-------- DATA FOR THE TASK --------

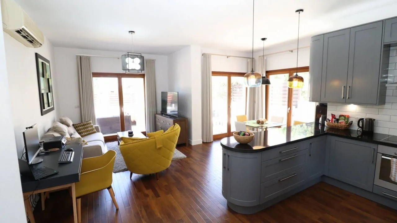 Этот великолепный таунхаус расположен в эксклюзивной зоне Hestiades Green с видом на первую лужайку поля для гольфа мирового класса, всего в нескольких минутах ходьбы от 5-звездочных удобств, которые может предложить курорт. При входе в дом вас встречает очень просторная гостиная с кухней-столовой открытой планировки со стеклянными дверями во всю длину, пропускающими достаточно света. Кухня оборудована по последнему слову техники, оснащена новейшей фирменной техникой, а также роскошной фурнитурой и фурнитурой. На первом этаже расположена просторная спальня с роскошными встроенными шкафами и гостевая гардеробная с душевой кабиной.
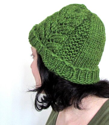 The hat features ribbed edging and a leafy lace panel over a garter stitch background. The rest of the hat is knit in easy stockinette stitch. The edge can either be worn down for a slouchy look or rolled up for a shorter beanie look.
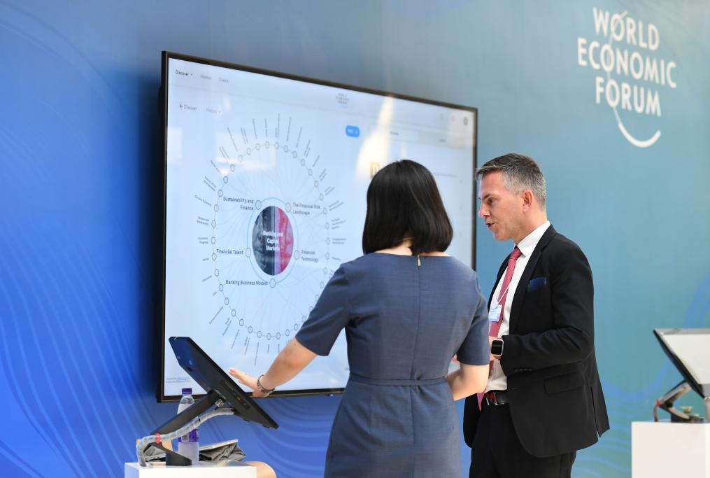 6月26日,在夏季达沃斯论坛主会场大连国际会议中心,嘉宾参与互动讨论。新华社记者章磊 摄
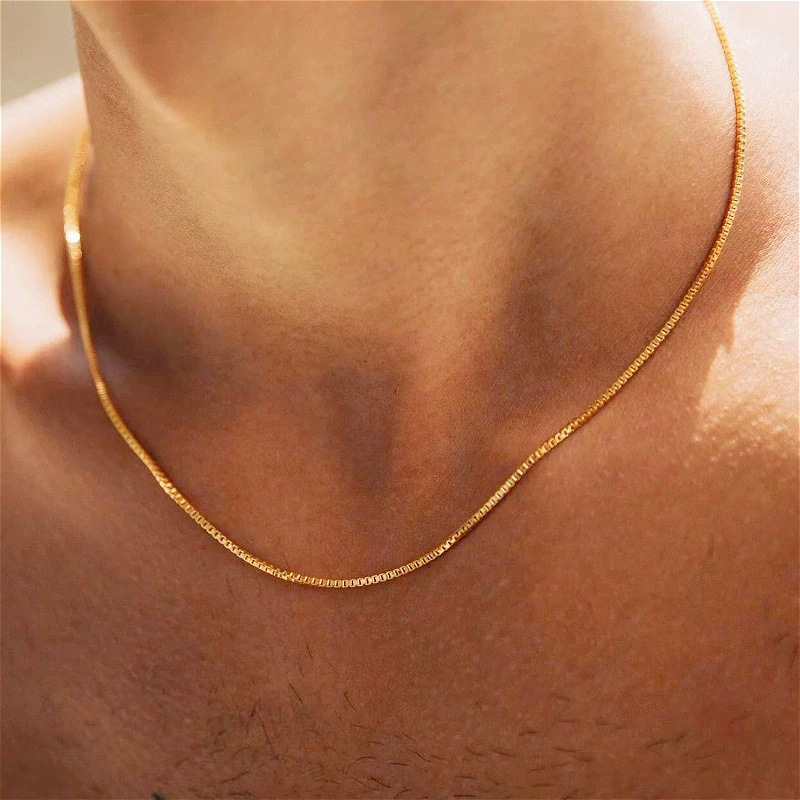 popular classic choker necklace electroplated 18k gold stainless steel necklace square box necklace men and women
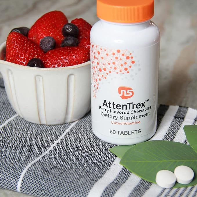 NeuroScience Brain Energy & Focus Supplement for Adults, Teens & Children - AttenTrex - Support Brain Health & Optimal Attention - Tackle Assignments & To-Do Lists - Berry Flavor (60 Chewable Tablets)
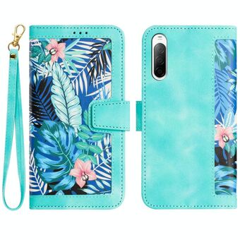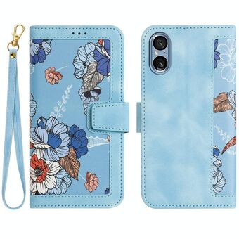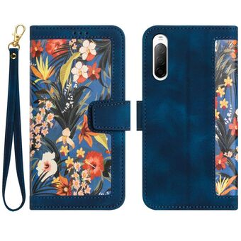 For Sony Xperia 10 V Floral Pattern Leather Phone Case with Lanyard(Light Blue)
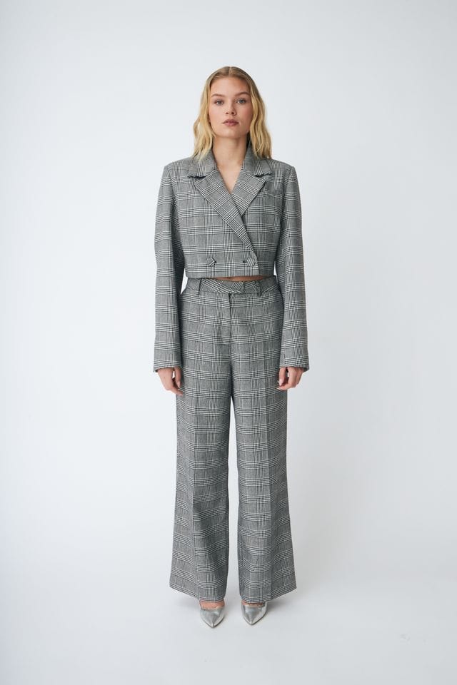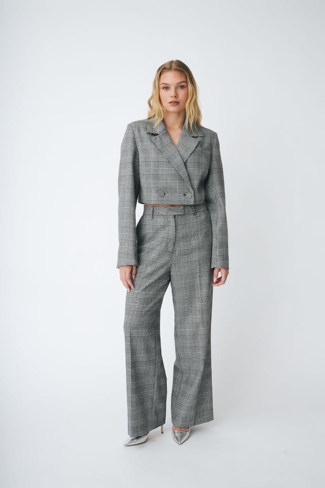 • Grå dressbukse med rutemønster i svart og glitrende sølv
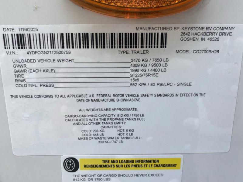 New 2026 Keystone RV Cougar 2700BH Fifth Wheel
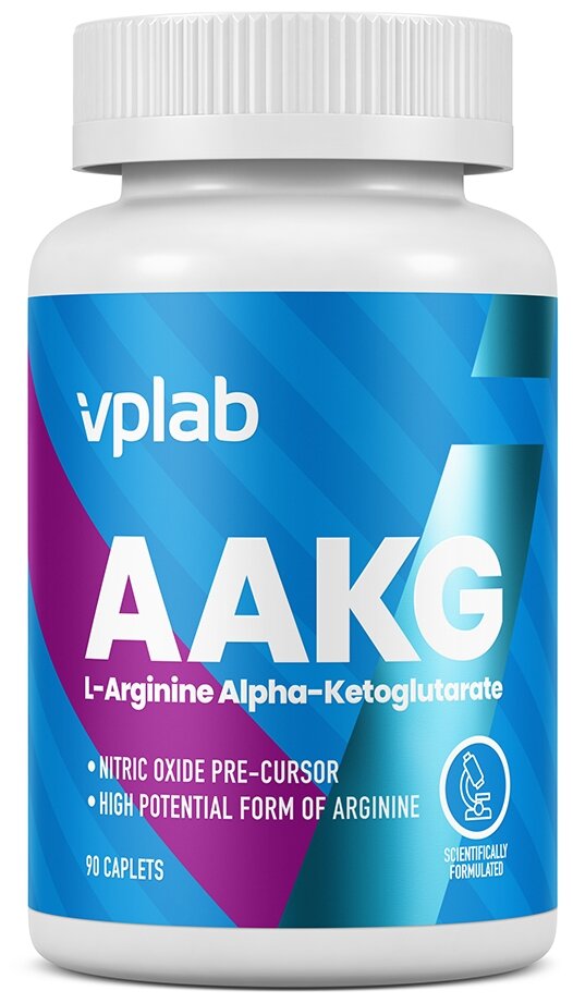 VPLAB AAKG – мощный предтренировочный препарат, значительно повышающий эффективность тренировок. AAKG (аргинин альфа-кетоглютарат) - это смесь соли L-аргинина (70%) и альфа-кетоглутаровой кислоты (30%). Аргинин - стимулятор окиси азота, сосудорасширяющая аминокислота. Расширение сосудов улучшает доставку микро- и макронутриентов к работающим мышцам и улучшает отток продуктов распада белков.AAKG:улучшает поставку питательных веществ в мышечные ткани;ускоряет регенерацию мышц;стимулирует энергетический обмен;является антиоксидантом;способствует укреплению иммунитета;стимулирует выработку гормона роста.Применение AAKG позволяет справляться с высокоинтенсивными тренировками, повышает мышечную выносливость и способствует ускоренному восстановлению после физических нагрузок.В связи с основным действием аргинина (расширение сосудов) его применение возможно и в качестве стимулирующего средства для повышения потенции.Адекватная дозировка для L-аргинина - 3 г, верхняя допустимая дозировка - 9 г. Побочные эффекты: у незначительного числа потребителей может понизиться артериальное давление, поэтому дозировку следует наращивать постепенно.Хорошо усваиваемая форма L-аргинина.Вкус: нейтральный1 штука содержит L-аргинин - 1000 мг
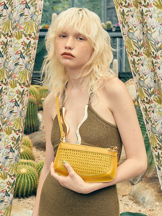ต่อมากับ Casa del Cactus ที่ชวนให้คุณค้นพบความงดงามในแบบ Exotic ที่ซ่อนอยู่ในสวนพฤกษศาสตร์เขตร้อนที่มีต้นกระบองเพชรและพืชพรรณสีเขียวฉ่ำ โดยนำเสนอผลงานดีไซน์ที่ให้กลิ่นอายการแต่งตัวโบฮีเมียนชิค มีจุดเด่นเป็นการใส่เทคนิคแบบสานเพื่อเพิ่มมิติความโปร่งเบาและเท็กซ์เจอร์ให้กับตัวหนังของกระเป๋าที่ดูมินิมัล ไม่ว่าจะเป็น City Look ที่มาในทั้งรูปแบบทรง Hobo, Tote และ Pouch สีสันที่เลือกใช้ช่วยเติมเต็มพลังงานแห่งฤดูร้อน อย่างเหลืองมัสตาร์ดและน้ำตาลทะเลทราย ก่อนประดับด้วยชาร์มห้อยตัวอักษร L ขึ้นเงาสีทอง ในส่วนของรองเท้า สาวๆ จะได้สนุกกับไอเทมที่มีความวาไรตี้ ซึ่งมีจุดเด่นร่วมกันเป็นการใช้เทคนิคสานและดีไซน์ส้นรองเท้าที่มีมิติมากขึ้น ไม่ว่าจะเป็นรองเท้าส้นสูงรัดส้นรุ่น Nin ที่เชื่อมโยงลุคทางการเข้ากับบรรยากาศของฤดูร้อนที่มีความชิลล์ รองเท้าแตะส้นเตี้ยรุ่น Lulu สีเหลืองสด รองเท้าแพลตฟอร์มส้นเตารีดแบบสวมรุ่น Baci ที่ลงเท็กซ์เจอร์แบบผ้าถักที่ตัวส้น หรือรองเท้าแตะรุ่น Handa ในดีไซน์ผ้าถักสลับสีลายทาง
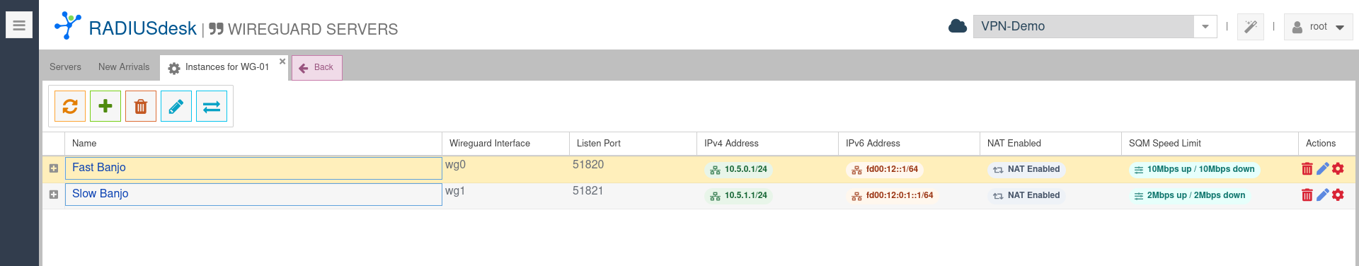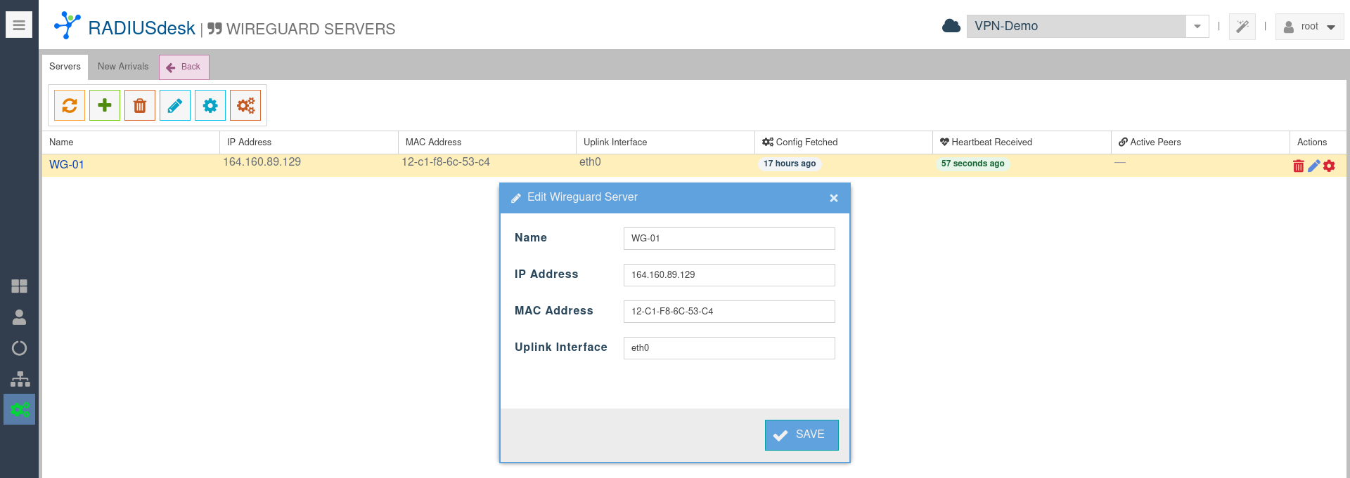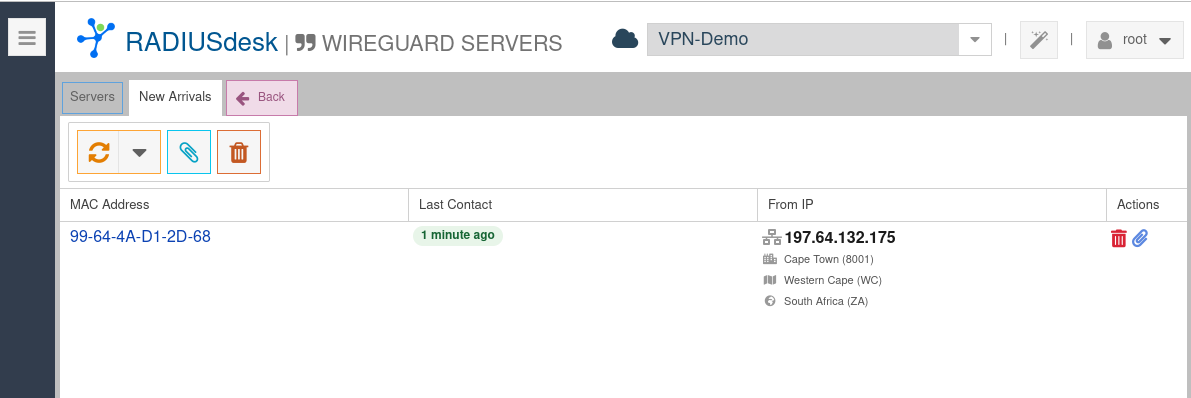 - The New Arrivals lists Wireguard servers that reported to RADIUSdesk but which require on-boarding.
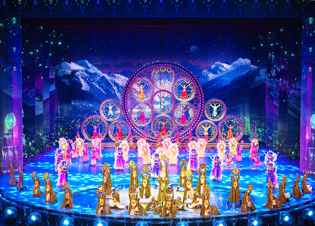 赛里木湖以自然风光吸引游客,文化科技体验方面的产品存在空白。由集团所属西域旅游开发股份有限公司推出的《遇见赛湖》沉浸式超感体验中心,以“斗转星移,雪域飞舟”为核心理念,巧妙融合当地蒙古包的传统形制与现代科技,为游客提供“人在景中、景在戏中”的深度体验。体验中心建筑外观借鉴游牧民族帐篷的流动线条,内部则通过LED透声屏技术、多声道全景声系统等,打造“星空剧场”与“雪域秘境”两大主题空间,以“生态+文化+科技”的创新模式,推动自然观光向人文体验的转型升级。

--------

> _REQUIRED ACTION_
Within the entries above, the lines from the one containing "popular classic choker" through the one containing "VPLAB AAKG –" are to be transcribed exactly, ends included, pictures excluded.

> _TASK RESPONSE_
 popular classic choker necklace electroplated 18k gold stainless steel necklace square box necklace men and women
 NeuroScience Brain Energy & Focus Supplement for Adults, Teens & Children - AttenTrex - Support Brain Health & Optimal Attention - Tackle Assignments & To-Do Lists - Berry Flavor (60 Chewable Tablets)
 For Sony Xperia 10 V Floral Pattern Leather Phone Case with Lanyard(Light Blue)
 • Grå dressbukse med rutemønster i svart og glitrende sølv
 New 2026 Keystone RV Cougar 2700BH Fifth Wheel
 VPLAB AAKG – мощный предтренировочный препарат, значительно повышающий эффективность тренировок. AAKG (аргинин альфа-кетоглютарат) - это смесь соли L-аргинина (70%) и альфа-кетоглутаровой кислоты (30%). Аргинин - стимулятор окиси азота, сосудорасширяющая аминокислота. Расширение сосудов улучшает доставку микро- и макронутриентов к работающим мышцам и улучшает отток продуктов распада белков.AAKG:улучшает поставку питательных веществ в мышечные ткани;ускоряет регенерацию мышц;стимулирует энергетический обмен;является антиоксидантом;способствует укреплению иммунитета;стимулирует выработку гормона роста.Применение AAKG позволяет справляться с высокоинтенсивными тренировками, повышает мышечную выносливость и способствует ускоренному восстановлению после физических нагрузок.В связи с основным действием аргинина (расширение сосудов) его применение возможно и в качестве стимулирующего средства для повышения потенции.Адекватная дозировка для L-аргинина - 3 г, верхняя допустимая дозировка - 9 г. Побочные эффекты: у незначительного числа потребителей может понизиться артериальное давление, поэтому дозировку следует наращивать постепенно.Хорошо усваиваемая форма L-аргинина.Вкус: нейтральный1 штука содержит L-аргинин - 1000 мг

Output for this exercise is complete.